Bevor die neue Gebühr per Satzung festgesetzt werden kann, muss die Gemeinde zusammen mit den Grundstückseigentümern umfassende Erhebungen machen. Vor allem müssen für jedes Grundstück die befestigten Flächen erfasst werden. Dabei wird unterschieden, ob die Flächen gänzlich versiegelt sind, wie zum Beispiel beim Dach bei Beton und Asphalt, oder ob Gründächer oder Pflasterbeläge auf Sand mit Fugen verlegt wurden.

Wie geht es weiter?
Derzeit ist die Kämmerei intensiv mit der Erstellung der Fragebögen beschäftigt. Auch eine Informationsbroschüre für alle Haushalte wird gedruckt und verteilt. Mitte September sind in Forbach, Gausbach und Langenbrand Bürgergespräche vorgesehen. Die alten Ortsteile bleiben außen vor, denn dort erfolgt die Regenwasserentsorgung nicht durch die Gemeinde. Die Grundstückseigentümer müssen vielmehr selbst für die Versickerung des Wassers oder für die Ableitung ins Fließgewässer sorgen. Sobald die Bürgerschaft über Infoblätter und Bürgergespräche informiert ist, erfolgt die Versendung der Fragebögen. Dies ist für die zweite Septemberhälfte eingeplant. Die Fragebögen müssen bis Mitte Oktober wieder bei der Gemeinde zurück sein. Dort erfolgt eine Plausibilitätsprüfung aufgrund vorhandener Grundstücksbilder und Daten. Bis Dezember, so Gemeindekämmerer Thomas Spinner, sollen dann alle notwendigen Daten und Fakten für die Berechnung der Abwassergebühr vorliegen. Die neue Satzung sollte umgehend nach Jahreswechsel erlassen werden, sodass die Grundstücksveranlagung auf der neuen Grundlage für das Kalenderjahr 2010 und 2011 bis zum zeitigen Frühjahr möglich wird.
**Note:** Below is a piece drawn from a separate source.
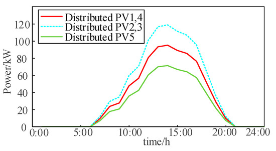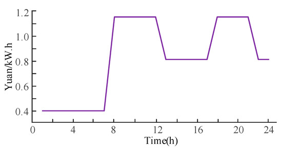 In this study, a modified IEEE 33-node power distribution system and a 32-node transportation network model are used as case studies for detailed analysis. The architecture of the distribution and road networks is illustrated in Figure 2. Five groups of photovoltaic systems are deployed in the system, and their predicted power profiles are shown in Figure 3. For load valuation, the interruption cost factor is set at 15 Yuan/kWh for critical loads and 5 Yuan/kWh for ordinary loads. To ensure that the distribution system voltage operates within the safety threshold, the voltage fluctuation range is maintained between 0.9 and 1.10 per unit (p.u.). Additionally, this study references the time-of-day tariff implemented in a specific region for economic dispatch and optimization analysis, as shown in Figure 4. The power supply restoration period for the distribution network is set from 9:00 to 15:00, totaling 7 h. The roadway impedance parameters in this study are α = 0.15, β = 4. The mean values for the total number of EVs and the initial state of charge in public parking lots are 100 and 50, respectively, with standard deviations of 25 and 15. The parameters related to emergency resources are provided in Table 2.

Sicher gibt es viele Fragen, vor allen Dingen sollte eine möglichst gerechte Gebühr erhoben werden. Es geht, wie gesagt, nicht um die Gebührenmehrung, sondern um die Verteilung der Gebühreneinnahmen nach einem gerechten Maßstab. Die Gemeinde muss diese Fleißarbeit zusammen mit ihren Bürgern leisten. Die Chance, am alten System festzuhalten, wird durch die Gerichtsentscheidung nicht mehr gegeben sein. Eine neue Abwassergebührensatzung muss erarbeitet werden und dazu ist die Zusammenarbeit zwischen Gemeinde und Bürgerschaft unerlässlich.
Auch im Gemeinderat wurden viele Fragen gestellt und Antworten gegeben. Auf jeden Fall, so die einhellige Meinung im Gemeinderat, soll der Verwaltungsaufwand so gering wie möglich bleiben. Mit großer Zustimmung wurde der Vorschlag von Bürgermeister Kuno Kußmann angenommen, dass die gesamte Umstellungsarbeit von den Rathausmitarbeitern erledigt wird und kein Fremdbüro einen entsprechenden Auftrag erhält. Dies hätte zusätzlich Kosten im deutlich fünfstelligen Kostenbereich ergeben. Auch diese hätte letztendlich der Gebührenzahler aufbringen müssen. In der Tagespresse wird dieses Thema sicherlich noch vielfach angesprochen. Weitere Informationen gibt es bei den Bürgergesprächen im September und durch die Infoschrift der Gemeinde. Die Praxis wird dann zeigen, ob die Gebührenumstellung wie erhofft reibungslos und gerecht erfolgt.